Os times de Camarões e Croácia irão se enfrentar no campo da Arena da Amazônia no dia 18 de junho, conforme cronograma já divulgado pela Fifa. Já Camarões, apesar de o país possuir mais de 200 dialetos, os principais idiomas são o francês e o inglês.

Aeroporto

Segundo Rogério Vieira, no Aeroporto Internacional Eduardo Gomes, vai ser utilizada a estrutura do projeto Justiça Itinerante, mas os servidores não vão atuar no ônibus do projeto.
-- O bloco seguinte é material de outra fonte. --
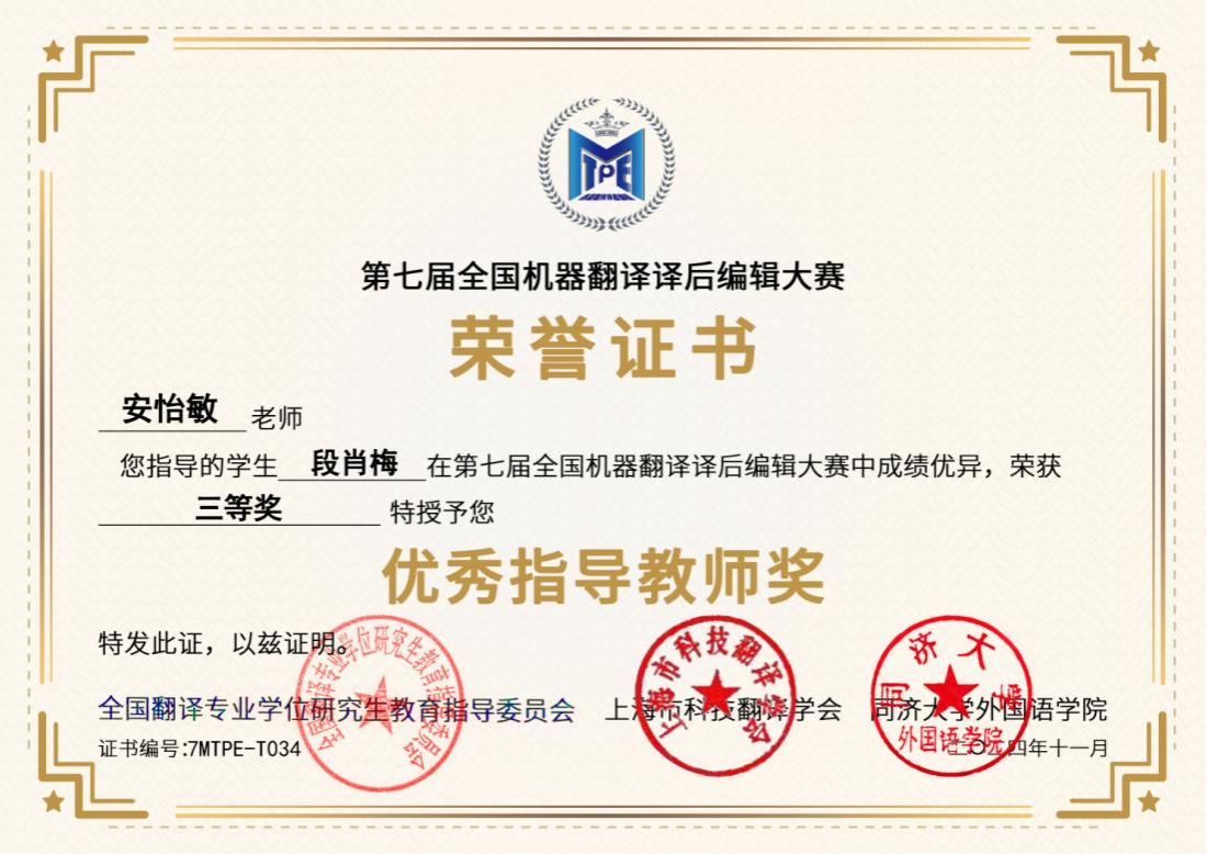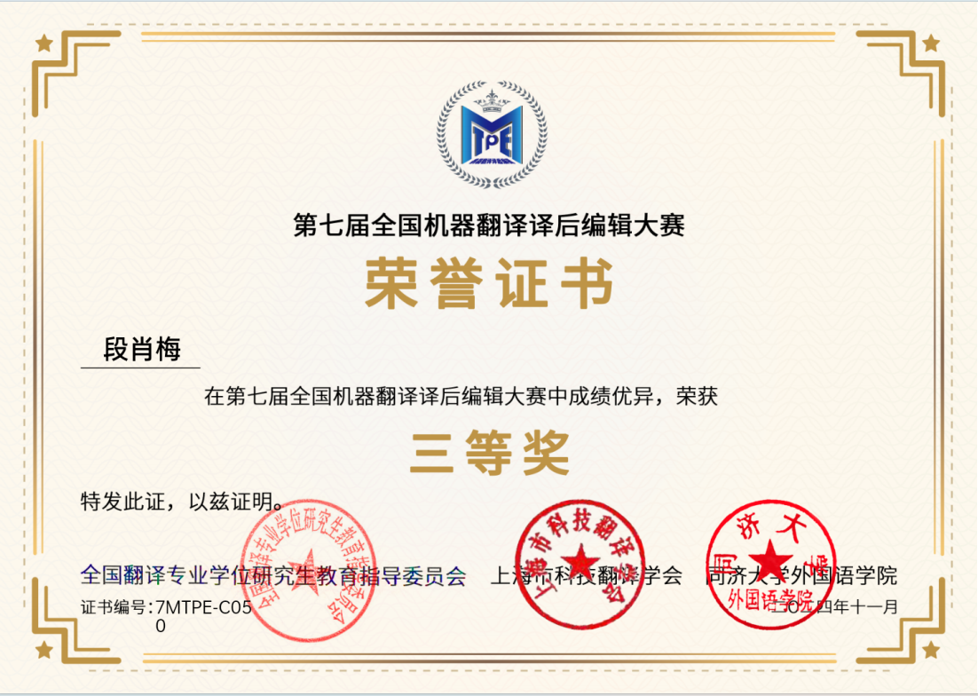 2024年11月30日,第七届机器翻译与译后大赛圆满落幕,KY开元集团KY开元集团学子段肖梅在此次大赛中表现出色,荣获决赛三等奖,实现了近三年来学院在此类赛事中的重大突破。这一荣誉不仅彰显了西译学子在机器翻译领域的专业素养和实践能力,也进一步提升了学校的知名度和影响力。
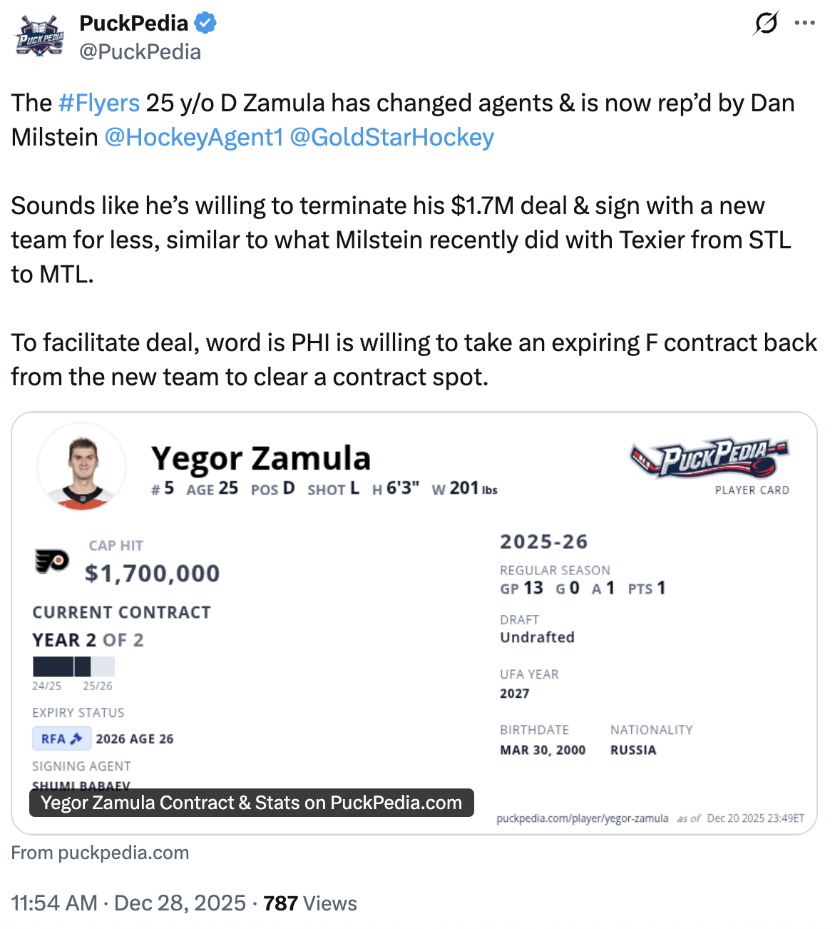 [PuckPedia] Zamula has changed agents and is now rep’d by Dan Milstein. Sounds like he’s willing to terminate his $1.7M deal & sign with a new team for less…To facilitate deal, word is PHI is willing to take an expiring F contract back.
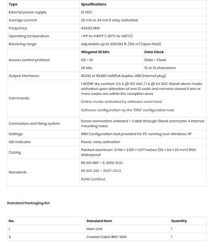 GAO-RFID - Model 214054 -433 MHz Active RFID Reader Access Control Autonomous or Centralized Sensor
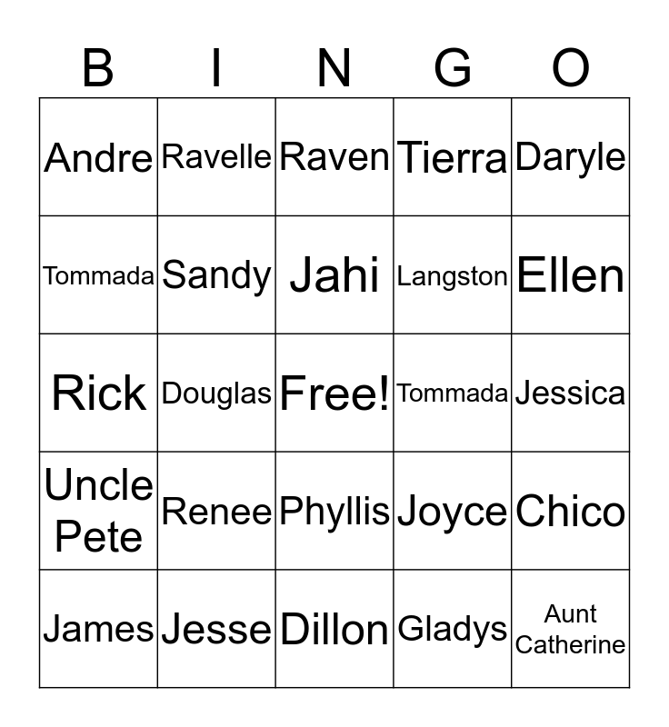 This bingo card has a free space and 30 words: Jesse, Donnie, Douglas, Jaime, Andre, Raven, Sandy, Phyllis, Tommada, Dillon, Jessica, Aunt Catherine, Gladys, Mildred, Ellen, Samara, Joyce, Uncle Pete, Renee, Daryle, Rick, Maurice, Ravelle, Langston, Tommada, Tierra, Chico, James, Jahi and Priya.
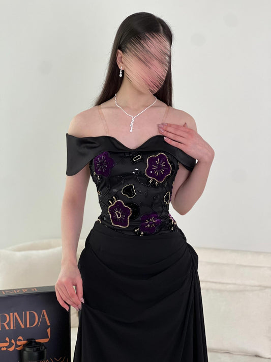 Tulle Black Off the Shoulder Mermaid Flowers Appliques Sequins Gloves Evening Dress
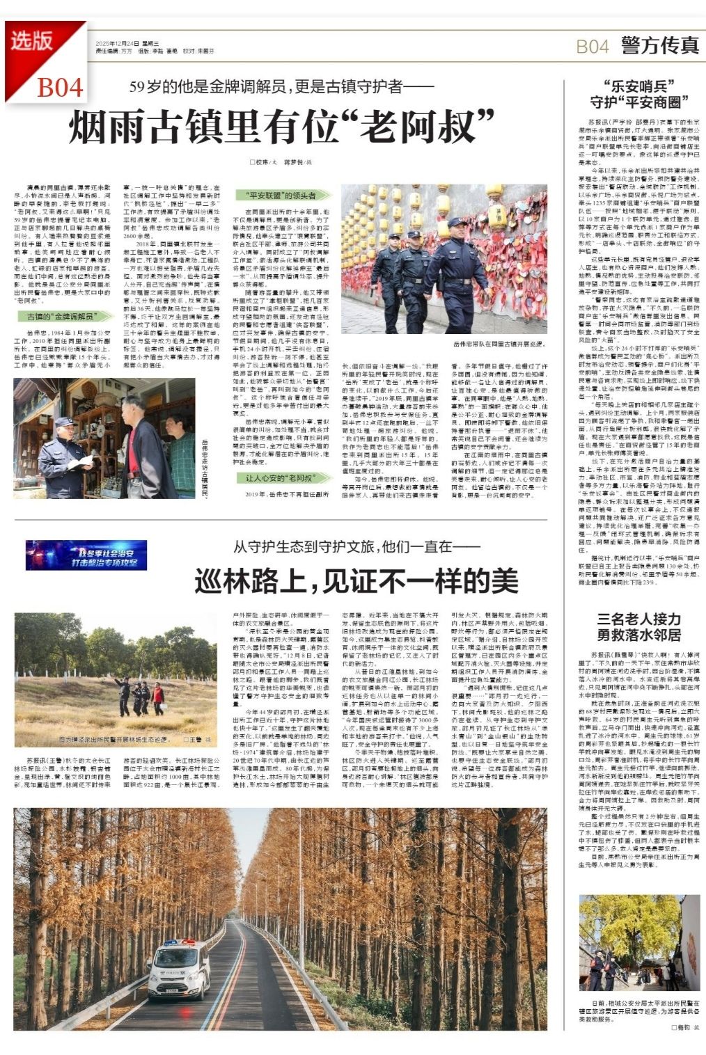 同里古镇的“老阿叔”:调解2600余起纠纷的金牌民警 清晨的同里古镇,薄雾氤氲,小桥流水旁人声渐起。河畔早餐摊前,59岁的岳伟忠提着笔记本电脑,正和店家聊着前几日化解的桌椅纠纷。熟悉他的人递上热豆浆,邻里拽着他念叨家长里短,他都笑呵呵地耐心回应。在晨练老人、忙碌店家与早到游客之间,这个身影格外亲切——他是吴江公安分局同里派出所民警岳伟忠,更是古镇人心中的“老阿叔”。 自1984年参加公安工作,2010年调任同里派出所副所长,岳伟忠已在古镇纠纷调解一线坚守15载。秉持“群众矛盾无小事”的理念,他深耕新时代“枫桥经验”,创新“一早二多”工作法,累计成功调解各类纠纷2600余起,成了名副其实的“金牌调解员”。 2018年,北联村一起工程施工意外致老人身亡,死者家属情绪激动,工程队也拒不认责,矛盾一触即发。岳伟忠当机立断将双方分开,化身“传声筒”穿梭其间,既传递歉意,又剖析利害。36天里,他像跑马拉松般反复劝解,最终促成双方握手言和。“调解没有捷径,把小矛盾当大事办,才对得起群众信任。”这是他常挂在嘴边的话。 深耕基层的岳伟忠,不仅是经验丰富的调解员,更是创新社会治理的领头人。针对景区矛盾多发的痛点,他牵头组建“娘舅联盟”,联动社区干部、律师、旅游公司形成调解合力;挂牌成立“阿叔调解工作室”,将矛盾化解延伸至“最后一米”。随着游客量攀升,他又推动成立“掌柜联盟”,串联数百户民宿商户互通信息;发动民警与志愿者组建“侠客联盟”,高效处置突发事件。节假日里,他手机24小时开机,线上线下连轴转,把游客的事当成自家事,“岳警官”“老岳”到“老阿叔”的称呼转变,藏着群众满满的信任。 2019年,卸下副所长职务的岳伟忠,依旧扎根调解一线。“‘岳所’变‘老岳’,工作劲头不能减。”那年暮鼓晨钟活动夜,他忙到深夜12点,仍一丝不苟处理着一起旅游纠纷。15年来,他的大年三十多半在值班室度过,错过了无数次家庭团圆。 如今,即将退休的岳伟忠坦言,离岗后最想做的就是陪伴家人,再带他们逛逛熟悉的古镇。回望从警生涯,他毫无遗憾:“做一名让百姓信得过的调解员,守护古镇安宁,是我这辈子最骄傲的事。”同事眼中,他是“人熟、地熟、事熟”的标杆;群众心里,他是公平公正的“定心丸”。即便即将卸下警徽,他仍笑着说要“退而不休”,继续为古镇平安添砖加瓦。 烟雨江南,石桥巷陌。同里人或许记不清每一次调解的细节,但一定记得那个笑意温和、耐心倾听的“老阿叔”。他留给古镇的,不只是奔波的背影,更是一份沉甸甸的安宁。

A ideia é ter uma sala que atenda as necessidades do turista. Nesse local, o atendimento vai ser basicamente voltado para o Direito do Consumidor.

“A intenção é termos, no aeroporto, voluntários na área do Direito, a partir do 3º ano, e com fluência em algum idioma, especialmente o inglês. Nesse caso, vamos inciar os trabalhos a partir do dia 05 de junho, encerrando no dia 20 de julho. Os voluntários que por ventura forem selecionados vão ganhar um certificado de atividades extracurriculares. Em princípio, o Juizado no aeroporto vai funcionar das 06h00 até meia-noite, mas a nossa ideia é fazê-lo funcionar 24 horas”, disse Rogério Vieira.

Reunião com CNJ

Representantes do TJAM estarão em Brasília, no próximo dia 19, para participar de uma reunião com a finalidade de acertar os últimos detalhes em relação à implantação do Juizado do Torcedor, em Manaus. A reunião será no Conselho Nacional de Justiça (CNJ).

A portaria nº 173/2014 que criou a Coordenadoria do Juizado do Torcedor e de Grandes Eventos, no Centro de Convenções, ao lado da Arena da Amazônia e o Posto do Juizado Especial Cível, no Aeroporto Internacional Eduardo Gomes, foi assinada pelo presidente do Tribunal de Justiça do Amazonas, desembargador Ari Jorge Moutinho da Costa, atendendo à Recomendação nº 45, do Conselho Nacional de Justiça (CNJ), do dia 17 dezembro de 2013, em relação aos jogos nas cidades-sede da Copa do Mundo de 2014.

O JTGE vai atender conflitos de natureza cível, criminal e fazendárias, exclusiva e diretamente decorrentes do evento ao qual se vincula seu funcionamento, bem como dos relacionados à aplicação da Lei n.º 10.671/2003, e as causas cíveis de menor complexidade e criminais de menor potencial ofensivo. Não serão recebidas causas criminais de competência do Tribunal do Júri. Após o encerramento dos trabalhos do Juizado no evento, as medidas distribuídas, mesmo que não solucionadas definitivamente, deverão ser redistribuídas às unidades competentes.